Kubernik’s 1995 interview, Berry Gordy: A Conversation With Mr. Motown appears in The Pop, Rock & Soul Reader edited by David Brackett published in 2019 by Oxford University Press.

Kubernik’s writings are in several book anthologies. Most notably, The Rolling Stone Book Of The Beats and Drinking With Bukowski. Harvey wrote the liner notes to the CD re-releases of Carole King’s Tapestry, The Essential Carole King, Allen Ginsberg’s Kaddish, Elvis Presley The ’68 Comeback Special, The Ramones’ End of the Century and Big Brother & the Holding Company Captured Live at The Monterey International Pop Festival.
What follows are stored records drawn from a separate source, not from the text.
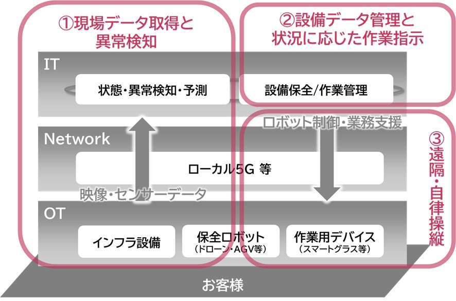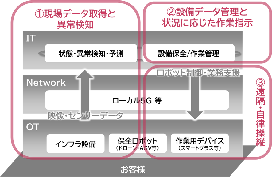 この課題に対応するため、NECと日本IBMは、本年1月よりインフラ保全ソリューションの開発に向けて協業を開始しました。この度、IT、OT、ネットワークを組み合わせ、保全業務の効率化・自動化におけるデモを構築しました。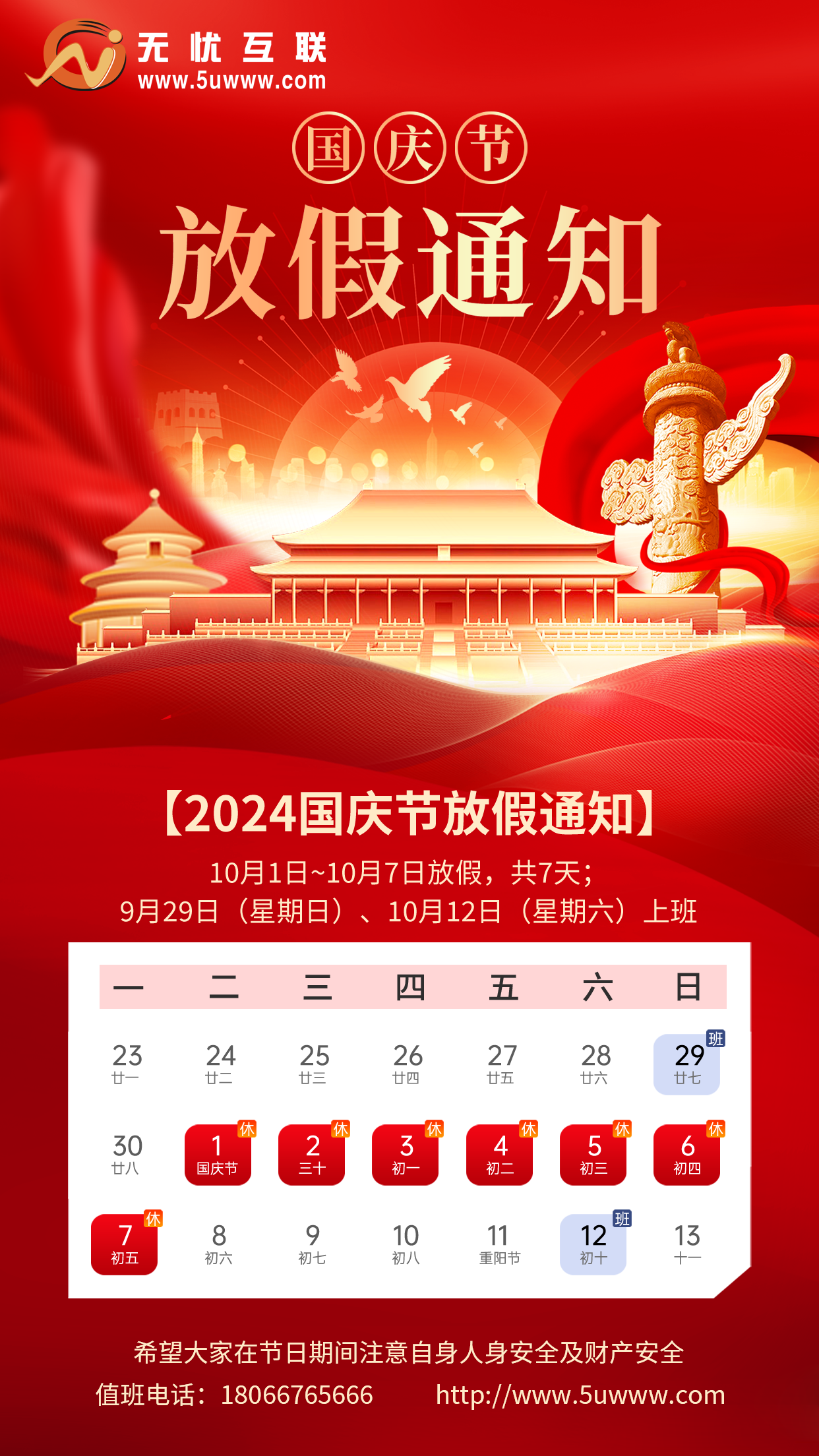 2024年10月1日~10月7日,国庆节放假调休,共7天。10月12日(星期六)正常上班。放假期间如有需要帮助,可及时联系无忧互联值班人员,值班经理:秦爱芬 18092151999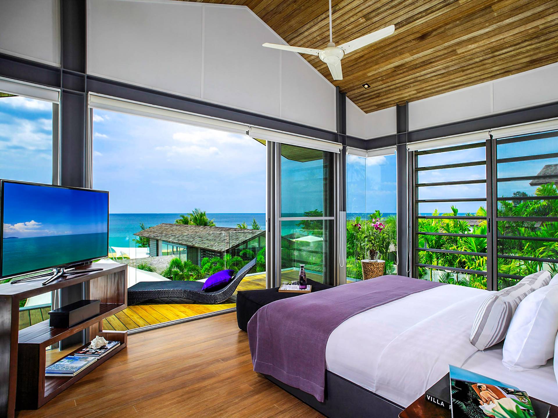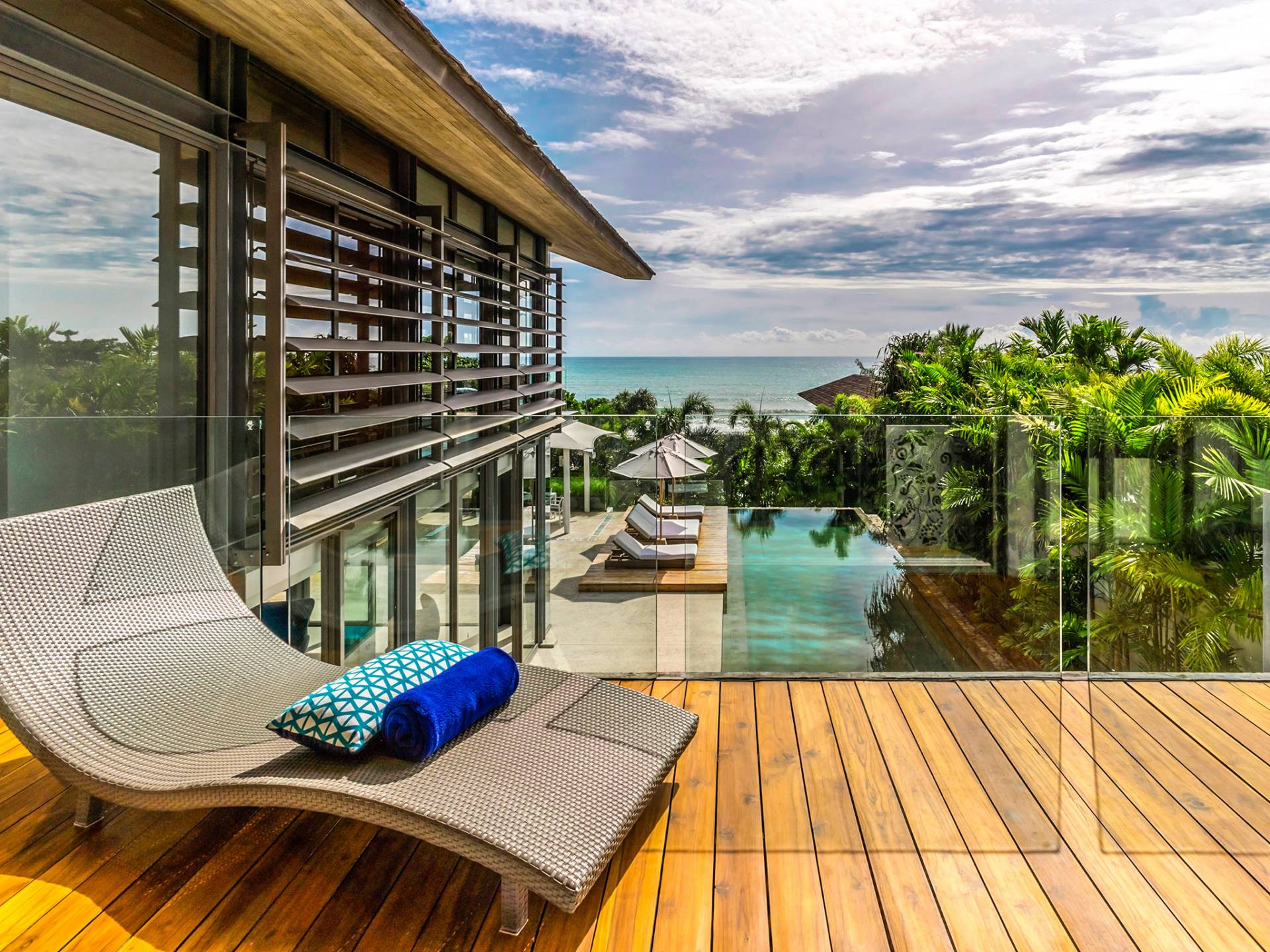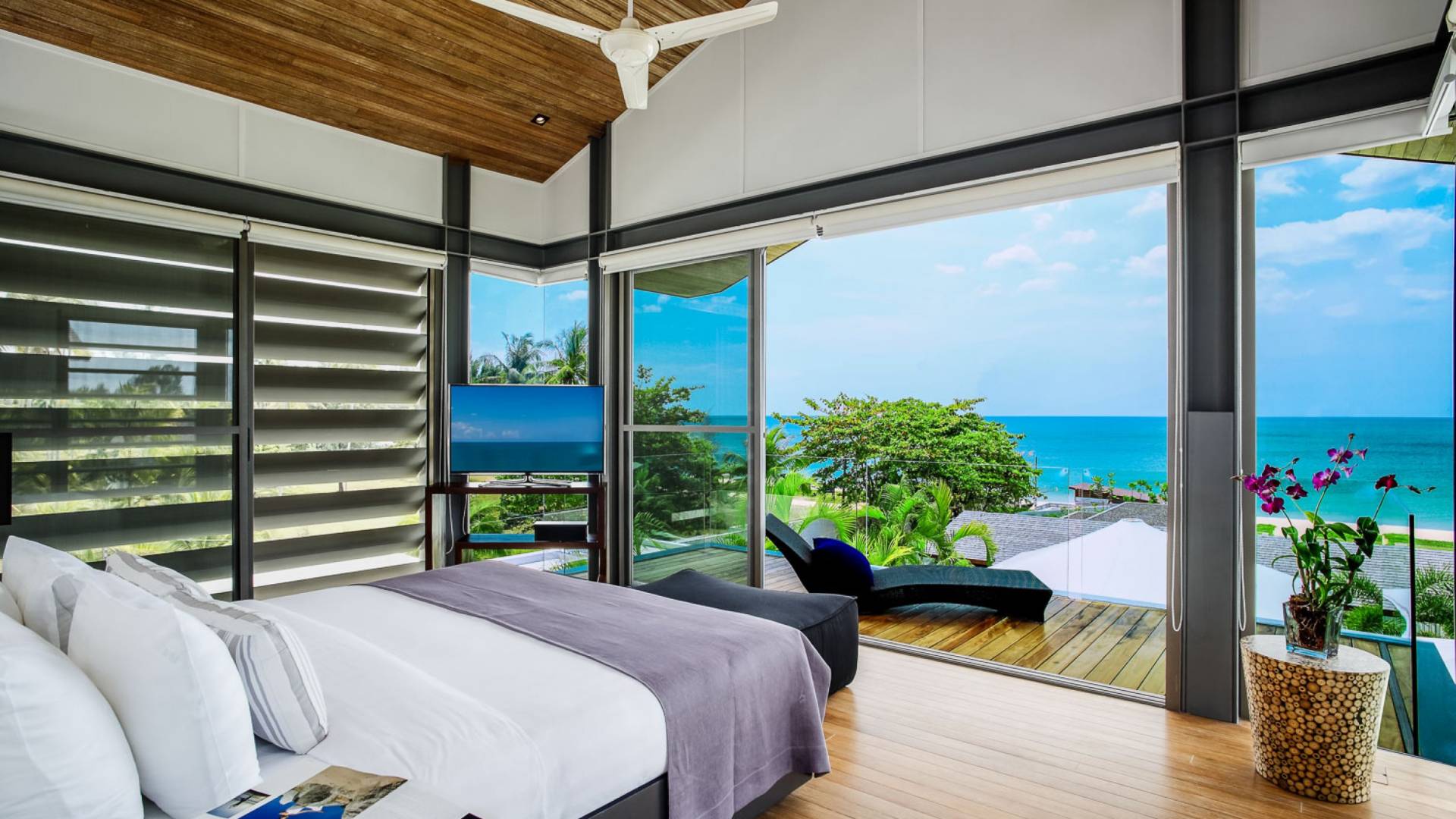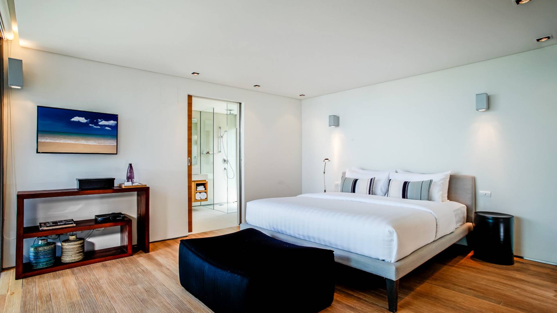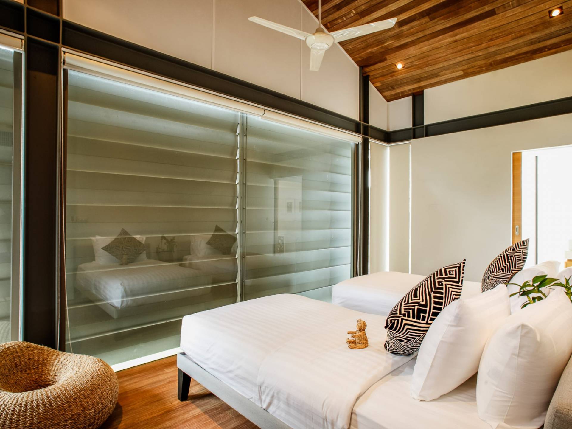 Die vier luxuriösen Schlafzimmer der Villa, von denen drei das ruhige Wasser des Ozeans widerspiegeln, befinden sich auf der obersten Etage. Die klimatisierten Schlafzimmer sind der perfekte Ausgangspunkt, um am Ende des Tages zurückzukehren. Übergroße Glastüren wurden bewusst so entworfen, dass sie den Innenraum mit den Außenräumen verschmelzen, damit Sie verjüngt schlafen und aufwachen können, begleitet vom Rauschen der Wellen am Ufer.

 During 2006 Harvey spoke at the special hearings initiated by The Library of Congress held in Hollywood, California, discussing archiving practices and audiotape preservation, and in 2017 he appeared at the Rock and Roll Hall of Fame in Cleveland, Ohio, as part of their Distinguished Speakers Series.

During 2022, producer/director Ron Chapman interviewed Harvey and hired him as a consultant for his music documentary, REVIVAL69: The Concert That Rocked the World, which celebrates and chronicles a 1969 rock festival in Toronto, Canada that spotlighted the debut of John Lennon’s Plastic Ono Band along with the Doors, Alice Cooper, Chuck Berry, Little Richard, Bo Diddley, Jerry Lee Lewis and Gene Vincent. Shout! Factory has picked up the title for North American distribution.

During 2023, Harvey Kubernik is co-producing, co-writing and co-editing a music documentary with director Christopher M. Allport, The Sound of Gold. The film chronicles the landmark Gold Star recording studios in Hollywood and the 100 hit records cut at the legendary studio in the 1951-1984 era).